Sunday, June 16, 2013

The Best/Worst Father's Day

My Daughter, last Father's Day
Last year, I spent Father's Day in the Intensive Care Unit at the Atlantic City Trauma Center.  Not as a patient - my daughter, Megan, had been in one hell of a car wreck two days earlier, coming home from a movie matinee, and now here she was, with vining tubes and wires connecting her to a menagerie of medical machines.

My wife, Donna, had received the call, the one parents fear most, from the State Police.  Megan had driven her 1998 Buick off the highway and into several trees.  Her brother, Chris, was in the passenger seat and escaped with a mild concussion.  Megan took the worst of it, broadsiding a tree right at her door.  The EMTs had to cut the roof off the car to get to them.  They feared she would bleed to death, and called for a helicopter to airlift her to the hospital.   Chris told us while they waited, he told his sister to hold his hand, that way they would know the other one was there.  Pretty heads up stuff for a 20 year old who was just in a serious wreck.



My son sees the wreck he had been in days earlier.

Atlantic City is an hour's drive, the longest hour of our lives.  We had limited information on the kids' status, other than Megan got the worst of it.   When we arrived at the ER, they wouldn't let us go back, instead escorting us to a private room.   Our anxiety level was off the charts.   Eventually, a trauma nurse came in and told us the news:  Megan had shattered her pelvis.  Donna, looking for some reassurance, said, "So it's not life threatening, then?"

"Yes. It is."  The nurse said.  "For now, it is.  I'd be lying if I said it wasn't."
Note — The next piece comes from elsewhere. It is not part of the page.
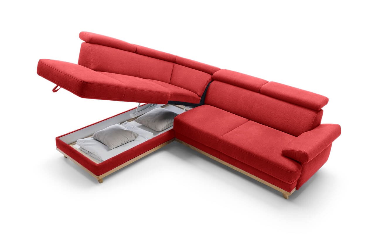 Bezesporu oceníte rozkládací systém, který se nachází přímo pod sedákem - snadným pohybem jej rozložíte a využijete jako prostorné lůžko. Stojíte-li právě naproti pohovce, potom se po vaší pravé ruce nachází relaxační zóna, která v sobě navíc ukrývá úložný prostor o velikosti 188 cm x 79 cm x 15 cm).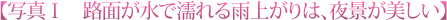 水に映る「第二の風景」の話をしてきましたが、水辺がないとダメかといえばそうでもありません。例えば雨上がりなどは、濡れた路面などにライトや周りの風景が反射し、輝いていることがしばしばあります。

Since we didn't freak out, I guess the nurse was convinced she could let us go back to see the kids without making a scene.  Megan was a bloody mess.  Unconscious.  Tube down her throat.   Chris was awake, had some cuts and safety glass in his hair, but was astonishingly poised.  He just kept asking, "How's my sister?"

By Father's Day, two days later, Megan's condition had stabilized.  Surgery was planned for the following day to reassemble her pelvis.  She would have an external metal device, like a tinker toy, screwed to her hips to hold everything together for the summer.  Megan called it "The X Factor".  Though her legs were fine, she could not apply pressure on them or risk damaging her pelvis.  She would be wheelchair bound for the summer.  But the long road to recovery had begun.  She would heal in time.  And she was alive.  The best and worst Father's Day.
-Steve
Megan the day she came home from the hospital, showing off her scars and her "X Factor".  

1 comment:

  1. Puts everything in perspective. Hope your daughter is well on her way to full recovery.